2014.11.9 04:03

山田洋次監督、テレテレ胸像除幕式「普通死んだ後にできるもの」

自身とそっくりな胸像と並び、うれしそうにほほえむ山田洋次監督=東京・葛飾区柴又

自身とそっくりな胸像と並び、うれしそうにほほえむ山田洋次監督=東京・葛飾区柴又【拡大】

 映画「男はつらいよ」シリーズで知られる山田洋次監督(83)が8日、東京・葛飾柴又寅さん記念館で行われた「来場者400万人達成」の記念式典に登場。自身の胸像除幕式に立ち会った。生前に映画監督の胸像が制作されるのは極めて異例。

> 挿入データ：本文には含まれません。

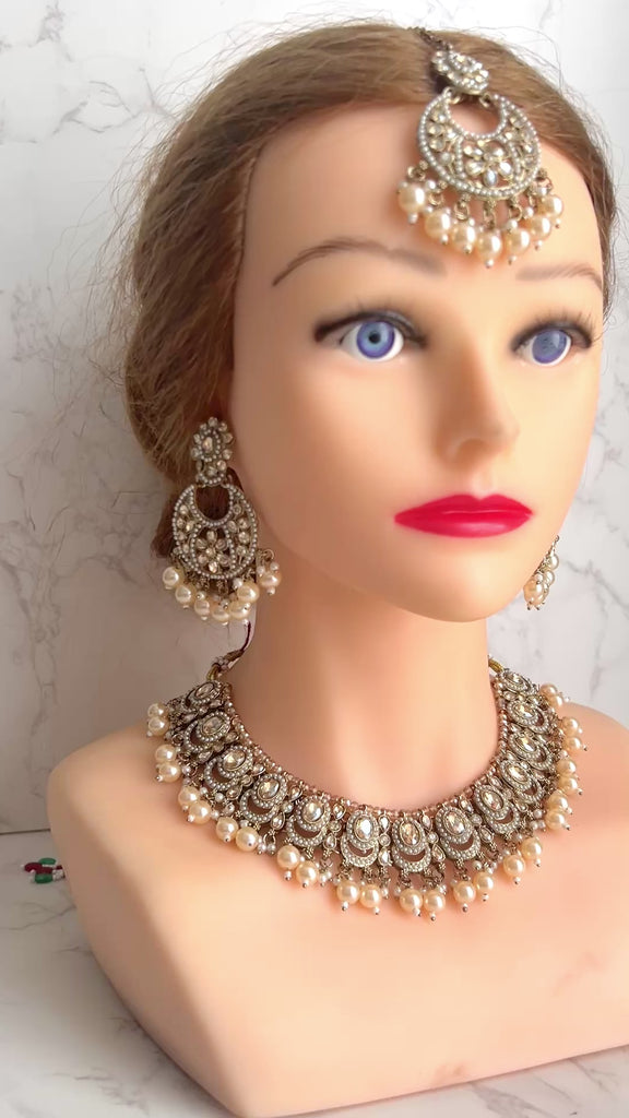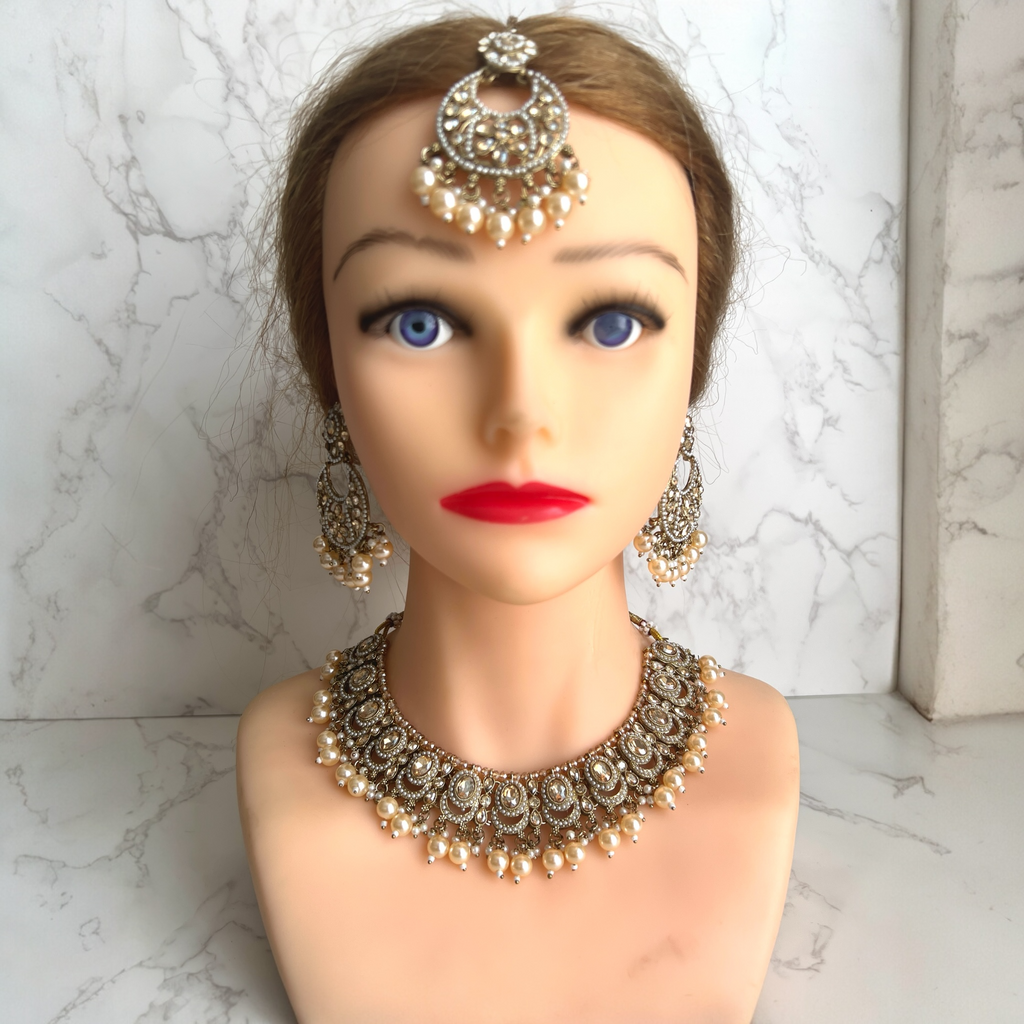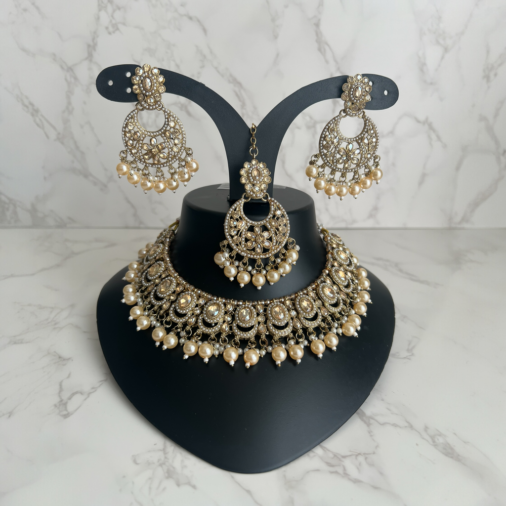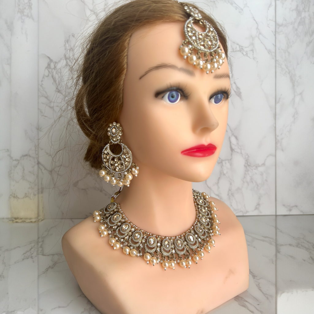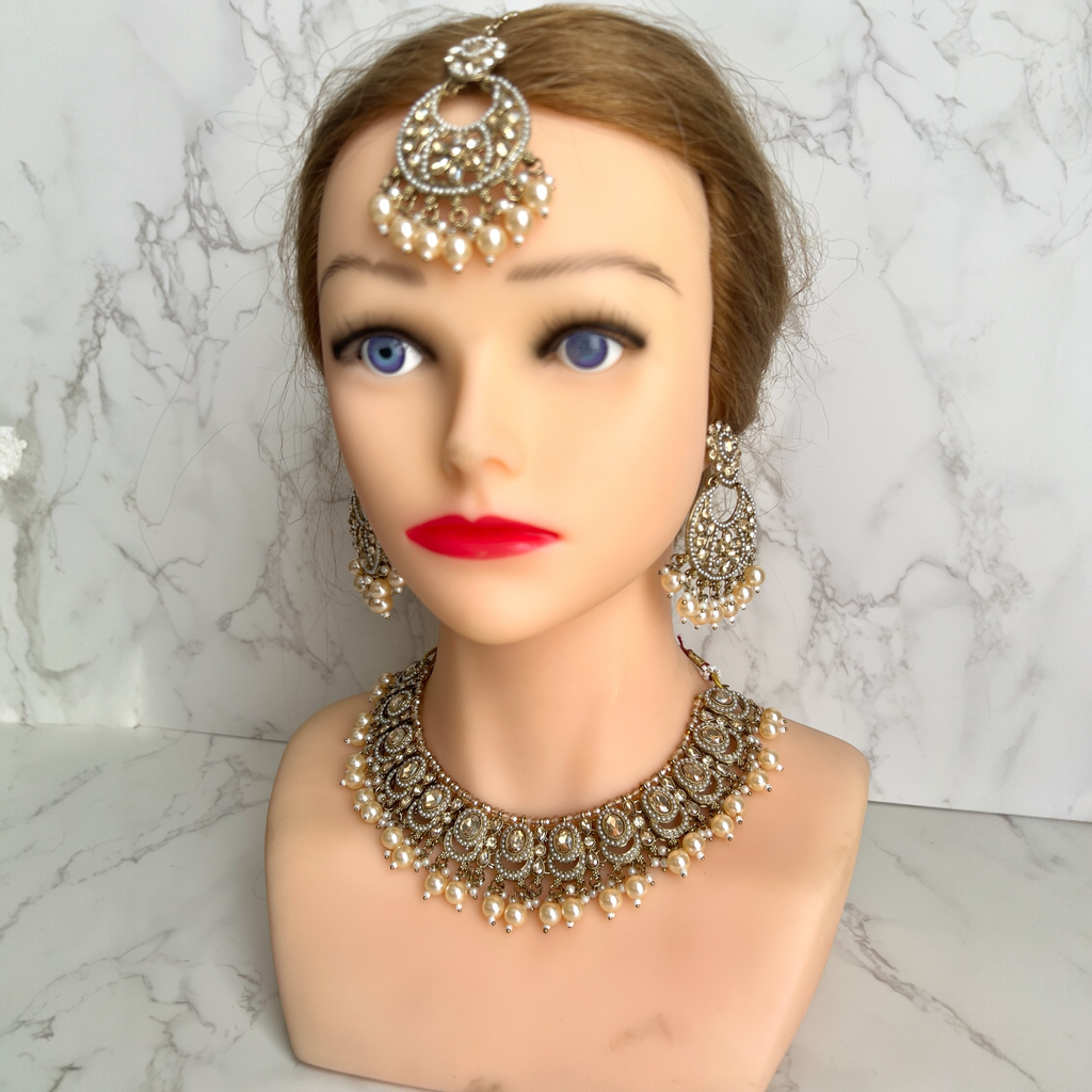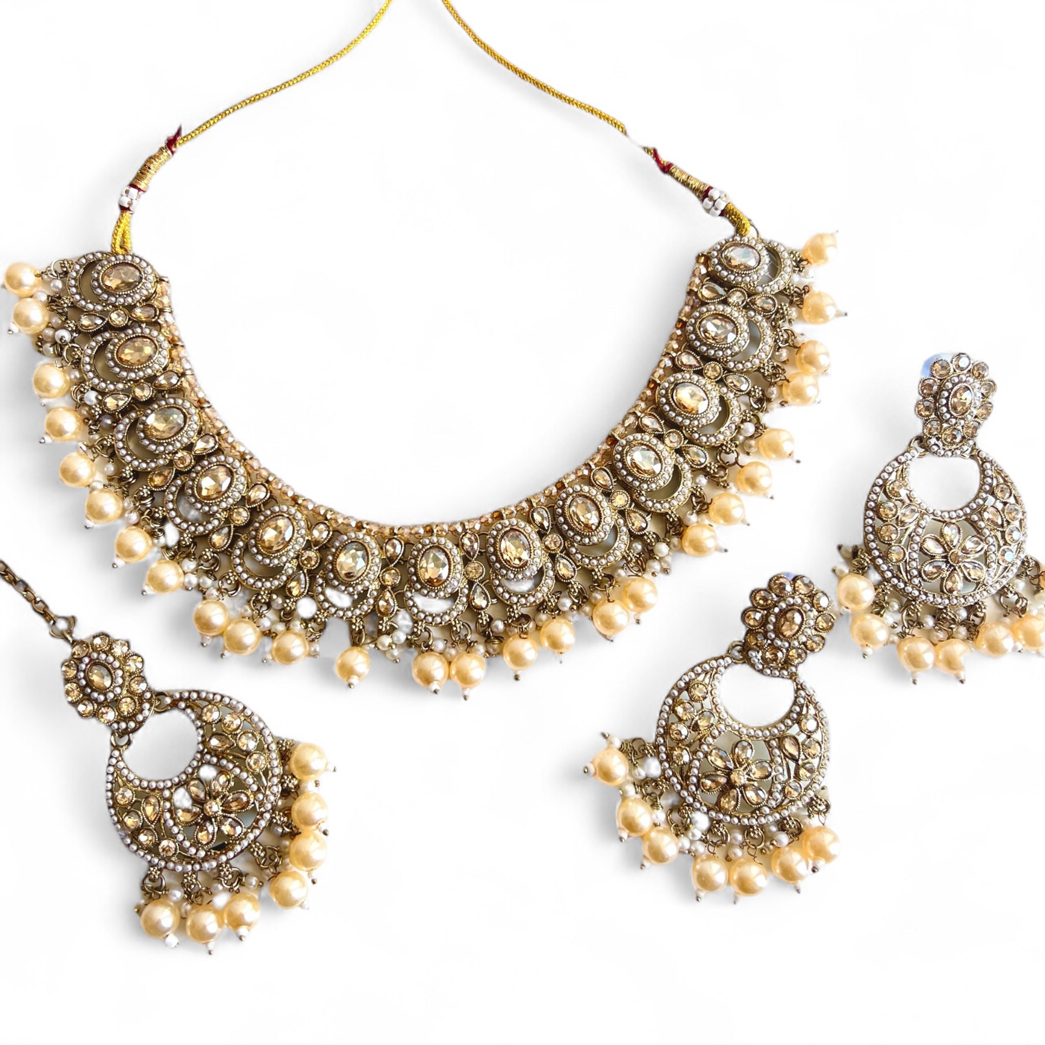 Kinza Gold Traditional Indian Necklace Tikka Earrings Set
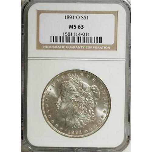 <B>1891-O $1 MS63 NGC.</B></I> NGC Census: (1183/855). PCGS Population (1666/1148). Mintage: 7,954,529. Numismedia Wsl. Price for NGC/PCGS coin in MS63: $300. (#7208)<BR><BR><B>Coin Engraver:</B> George T. Morgan<BR><BR><b>Shipping:</b> Coins & Currency (<a target="_blank" href="http://www.heritageauctions.com/common/shipping.php">view shipping information</a>)

 記念館は「男はつらいよ」の舞台となった同所に1997年11月にオープン。2012年12月に山田洋次ミュージアムが併設され、その入り口に山田監督のブロンズ製胸像が飾られた。左手に台本を持ち、演出指導する姿の“分身”と初対面した巨匠は「面はゆいというか、気恥ずかしい。胸像は普通、死んだ後にできるもの」と照れ笑い。

 「『僕がここ(胸像)にいて、今ここにいる自分は誰だろう?』という非常に不思議な感じ。死んでも残るかな。若い人にも足を運んでほしい」と喜んだ。

 約1年3カ月かけて制作した彫刻家、宮瀬富之氏は「山田先生の内面的なものを引き出すため、朝起きたときや寝る前にも先生の写真を見ていた。頭の中は先生一色でした」と告白。右から見ると監督の優しさが、左から見ると厳しさが見えるように工夫を凝らしたと説明した。

 先月29日に来場400万人目となった都内在住の青柳健司さん(67)から「寅さんシリーズは私にとってバイブル。これからも素晴らしい映画を撮ってほしい」とエールを送られ、山田監督はほおを緩ませた。